I just bought a highly “rednecked” older Mad River Malecite canoe that I have finally finished gutting ALL the plywood and rotten plank seats that were ingloriously screwed into the rotten 2x2 gunwales. It is now JUST A HULL. Now I want to install new wooden gunwales but even after I decide what type wood and source,…I wonder how to properly and permanently bend/curve the gunwales to the shape of the canoe before installing? ANYONE?

Steam
I’ve helped a buddy steam and bend the ends of the gunnels on a form. He bends them to a tighter curve, so it will be right when the wood relaxes a bit when released from the form.



This is the vertical bend for antique Old Town wood and canvas canoes with upturned ends. The horizontal curve is gradual enough that you don’t need to pre-bend.



I wonder if the Mad River has straight enough lines that you may not need a pre-bend. For more, try the forums on the WCHA.org site. The wooden canoe guys might take pity on you and your petrified snot boat.



Alan

Doing the same to an ? 12’r…
that I found in the dump. The gunwales where rotten, no seats, a couple small cracks, but everything else is good. Nice little rstoration project that will end up as a nice solo fishing canoe.
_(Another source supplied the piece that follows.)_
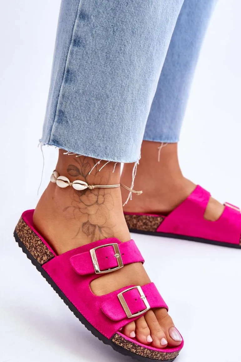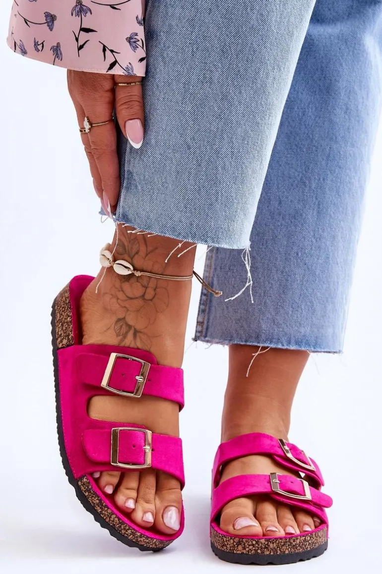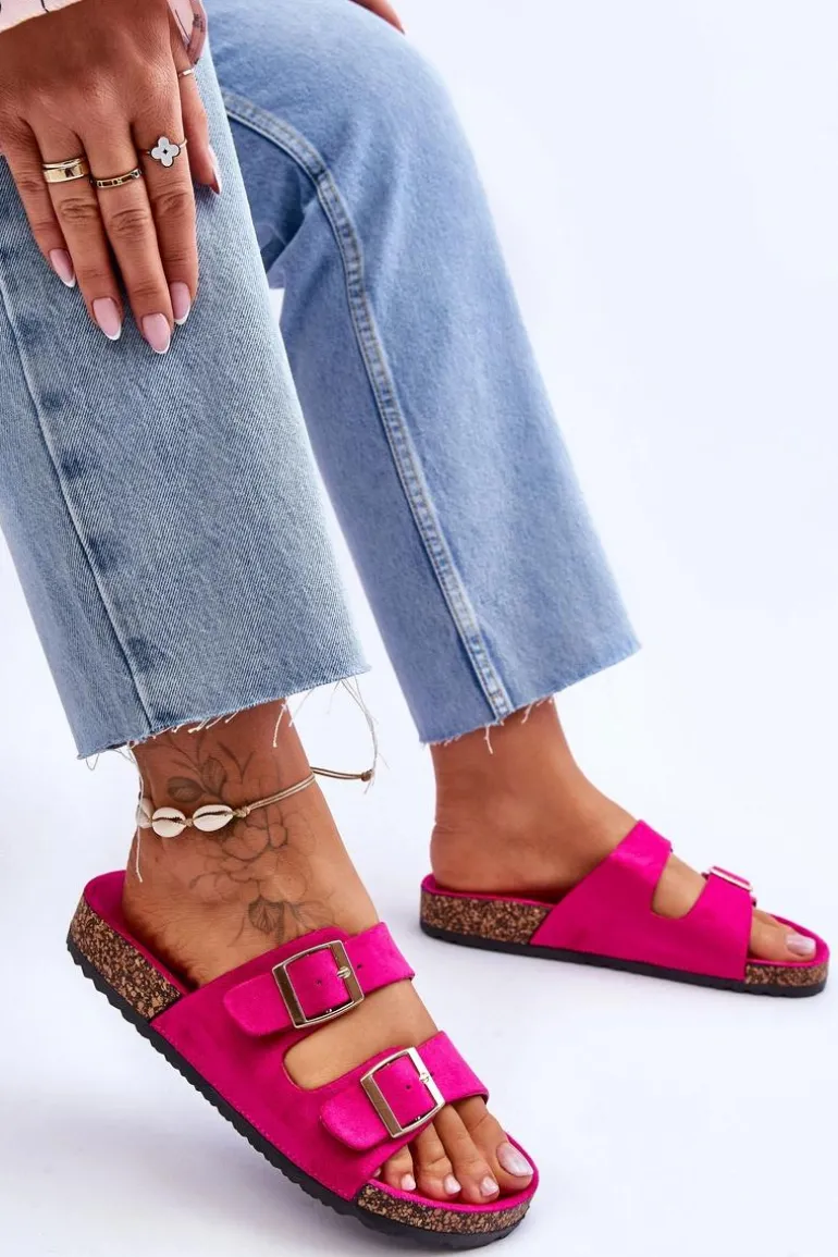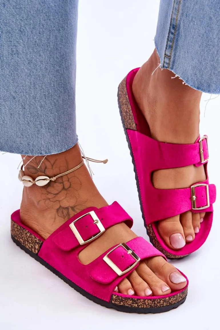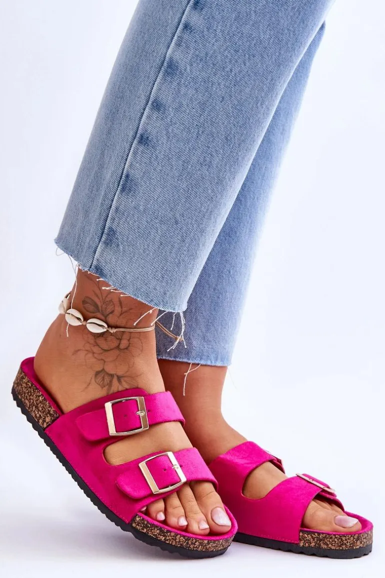 Damskie klapki zostały wykonane z miłego w dotyku eko zamszu. Posiadają ozdobne klamry z regulowanymi paskami. Model ten został osadzony na korkowej platformie. Idealne obuwie na letni sezon. Klapki te posiadają profilowaną, wygodną wkładkę. Koniecznie powinnaś je mieć! Przy wyborze rozmiaru prosimy sugerować się tabelą rozmiarów.

I’m working off the book Building the Maine Guide Canoe by Jerry Stelmok in which he recommends Clear Northern White Spruce, followed by Sitka spruce and the comments some use Mahogany or Black Cherry as outers.


Spreader bar.
One doesn’t need to prebend wood rails on most hulls.



The gradual center to stem screwing “sets” the rails together in the bend you want if you start in the center and use a spreader bar or center thwart to hold the width.
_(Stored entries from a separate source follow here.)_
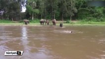 Nehirde boğulan adamın yardımına fil koştu
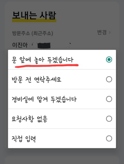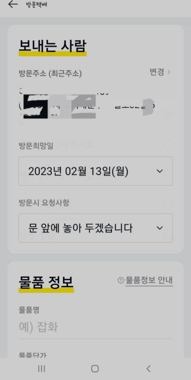 먼저 보내는 사람, 즉 나의 이름, 연락처, 주소를 정확하게 입력하고 방문을 희망하는 날짜, 방문시 요청사항을 선택합니다. 저 같은 경우는 문앞에 물건을 두고 가는 경우가 많아서 방문시 요청사항에 항상 문앞에 놓아 두겠습니다.를 신청합니다.
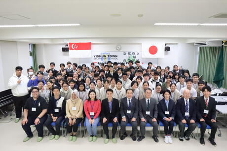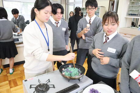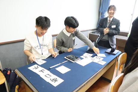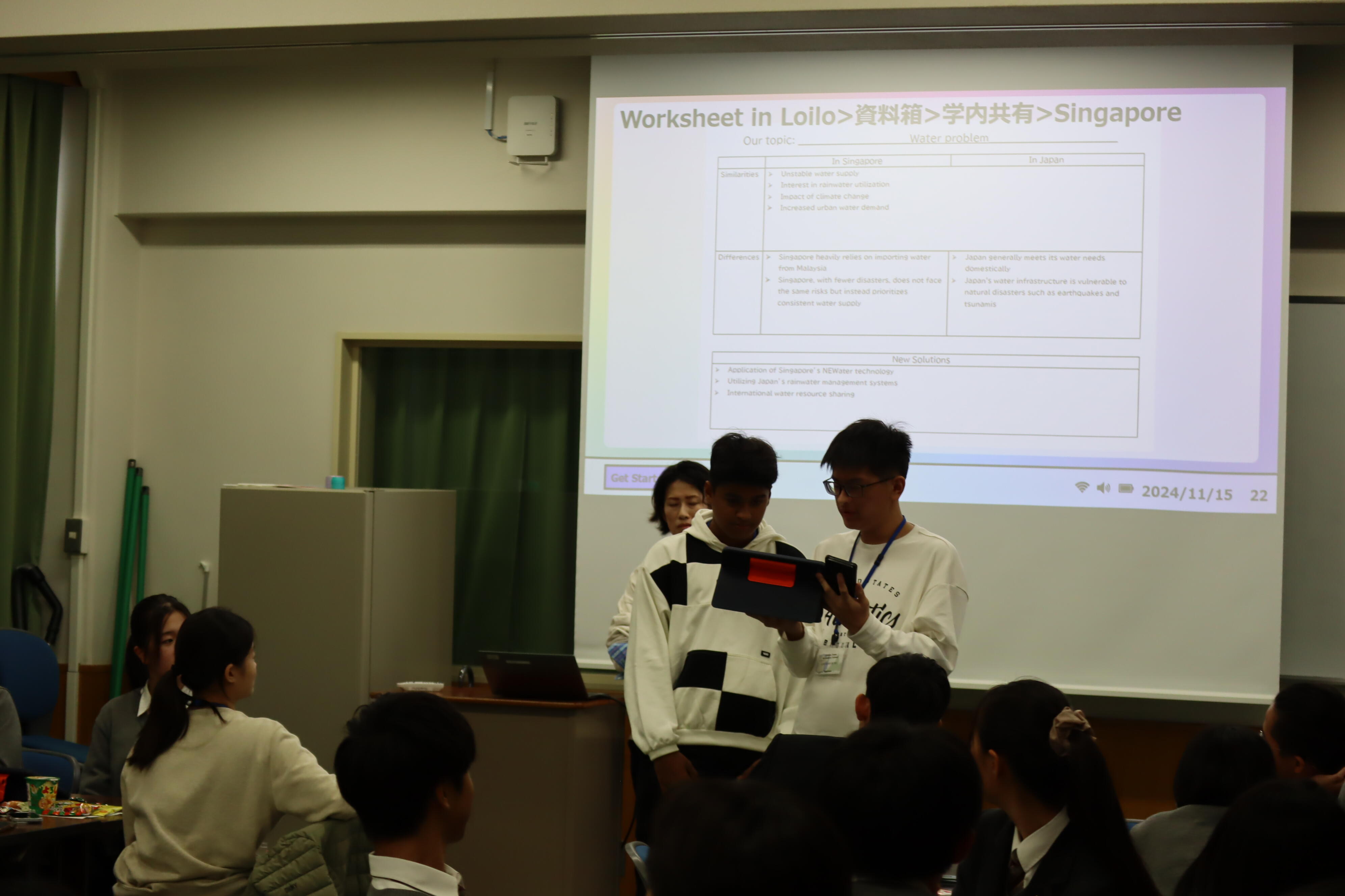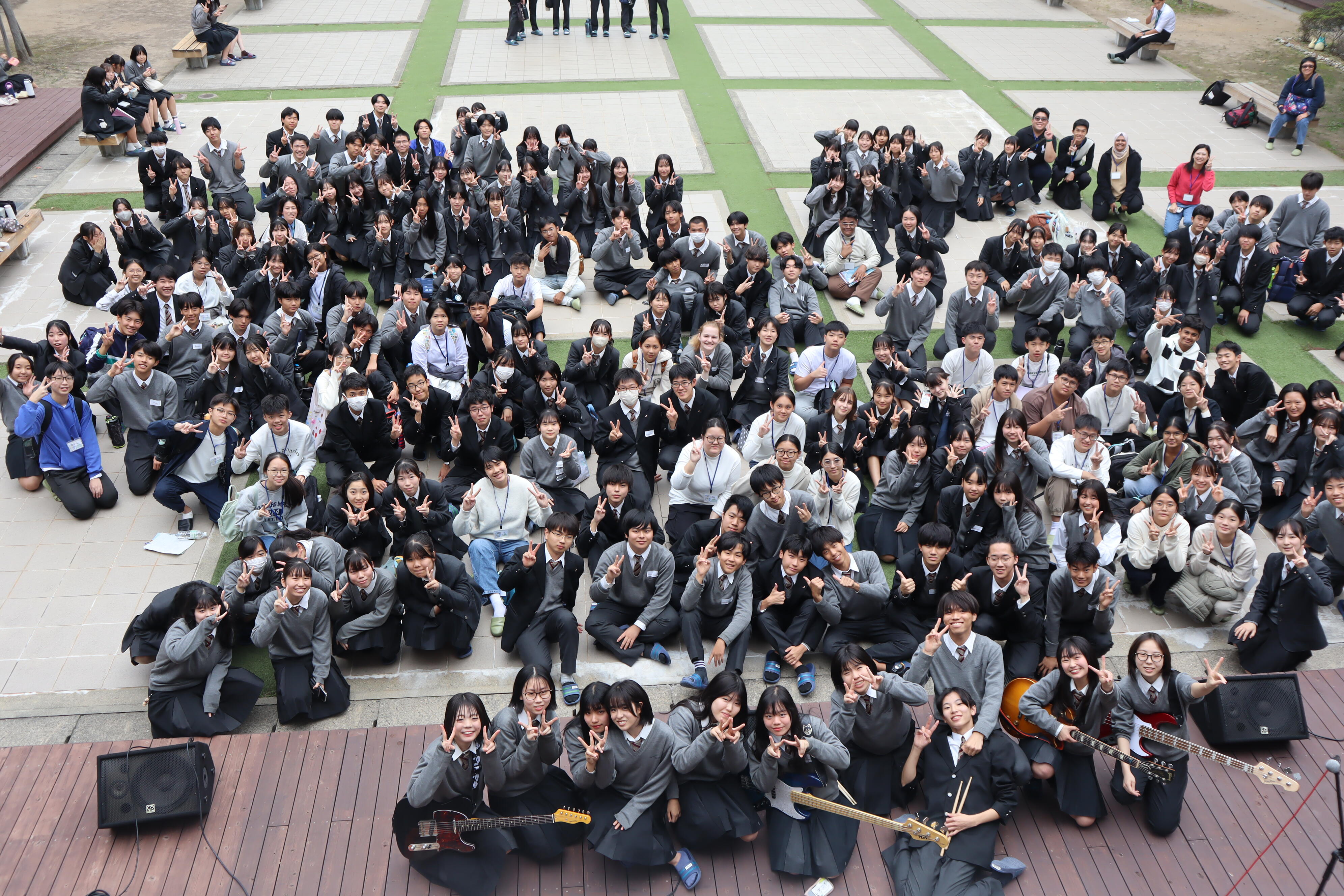 令和6年11月15日(金)にワールドワイドパイオニア育成プロジェクトの一環として、シンガーポールのイーシュンタウンセカンダリースクールから32名の生徒が来校し、国際交流を行いました。歓迎セレモニーの後、本校1年の文理総合科、2年の文理総合科・普通科の生徒と共に、書道体験や調理を交えた実験・グループ交流などを通して、親睦を深めました。また、お昼休みには本校の食堂で一緒に昼食をとり、軽音楽部による昼休み公演を楽しみました。

email me at charliewilaon77@gmail.com for the attachment on Bell/Placid railing protocols, sanitized for general use.

Charlie beat me to it
There is no need to steam bend the gunnels for a Malecite. Ash or cherry gunnels should readily bend to fit.



Marc Ornstein

Dogpaddle Canoe Works

Custom Paddles and Cedar Strip Canoes

Old MRC instructions
Email me and I fax or mail you the original Mad River Canoe railing instructions.



rob@vermontcanoe.com

If I ever replace wood gunwales again…
I made my own ash gunwales to refurbish an OT Chipewan. I did not pre-bend them. The hull, age 25 years, did not need spreaders. Perhaps after all those years it just remembered what shape it was supposed to be.
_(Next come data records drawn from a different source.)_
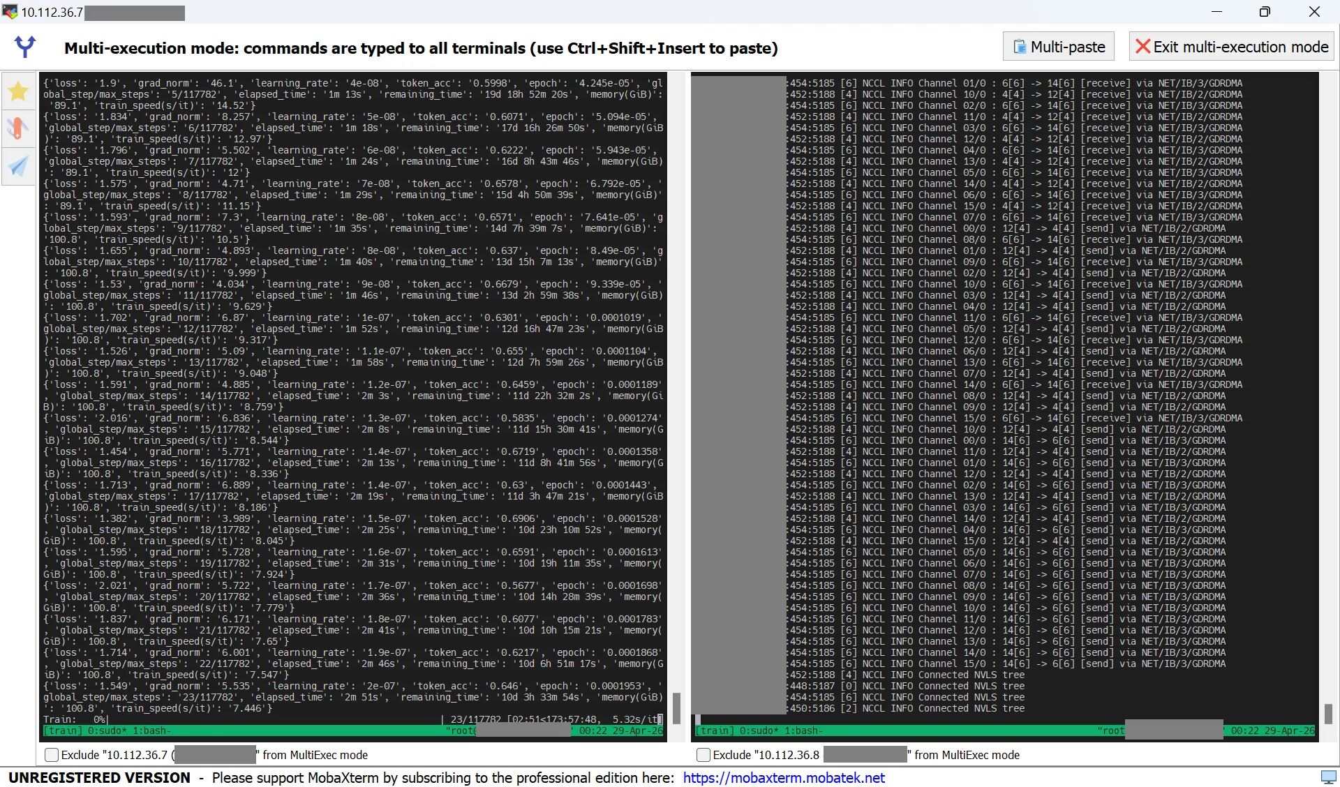 # 10.112.36.7 export NNODES=4 export NODE_RANK=0 export MASTER_ADDR=10.112.36.7 export MASTER_PORT=29500 # 10.112.36.8 export NNODES=4 export NODE_RANK=1 export MASTER_ADDR=10.112.36.7 export MASTER_PORT=29500 # 10.112.36.9 export NNODES=4 export NODE_RANK=2 export MASTER_ADDR=10.112.36.7 export MASTER_PORT=29500 # 10.112.36.10 export NNODES=4 export NODE_RANK=3 export MASTER_ADDR=10.112.36.7 export MASTER_PORT=29500
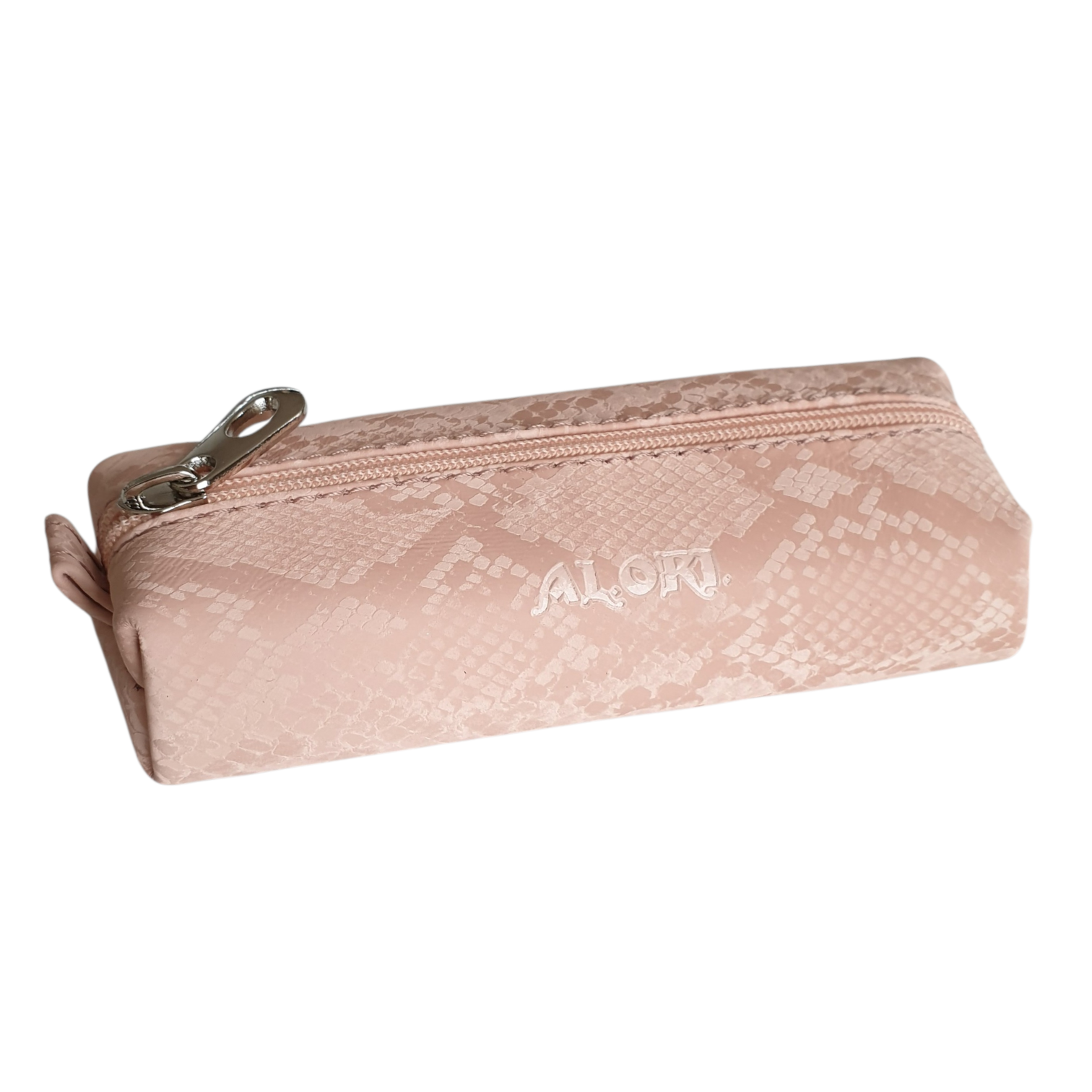 Компактна ключниця виготовлена ​​з натуральної шкіри зі зміїним принтом, з голографічним ефектом, пудрового кольору.
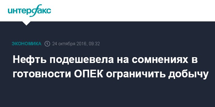 Как сообщалось, в конце сентября страны ОПЕК предварительно договорились сократить добычу нефти до уровня 32,5-33 млн баррелей в сутки. Ожидается, что условия соглашения будут согласованы на ноябрьской встрече картеля, и к соглашению может присоединиться Россия, крупнейший производитель нефти в мире.
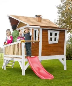 Axi Mobilier De Jardin Enfant Cabane Asymétrique En Bois Sur Pilotis Avec Toboggan 118 Cm Rouge

Rob, Charlie and Mark have far more expertise than me. I’ve just done the one boat. But here is a suggestion for you that I intend to employ if I ever replace wood gunwales again.



I ripped and shaped the gunwales before I installed them. If I ever do it again, I will rip the material and install it before I shape it. By shaping, I mean transform the gunwale from rectangular stock to the rounded stock we see as finished gunwales. If you install it before shaping, you don’t have to worry about marring the material with your clamps, and it is a lot easier to clamp rectangular stock than it is to clamp rounded stock.



Also, when you are shaping a canoe-length piece of stock, whether using a router or plane, you have to secure it somehow. If you install first, then shape, the material is already secured by it’s attachment to the hull. So, the job can be more easily done.



That’s what I’d do. Your other respondents are pros, but I don’t think I am contradicting them. If so, go with what the pros say.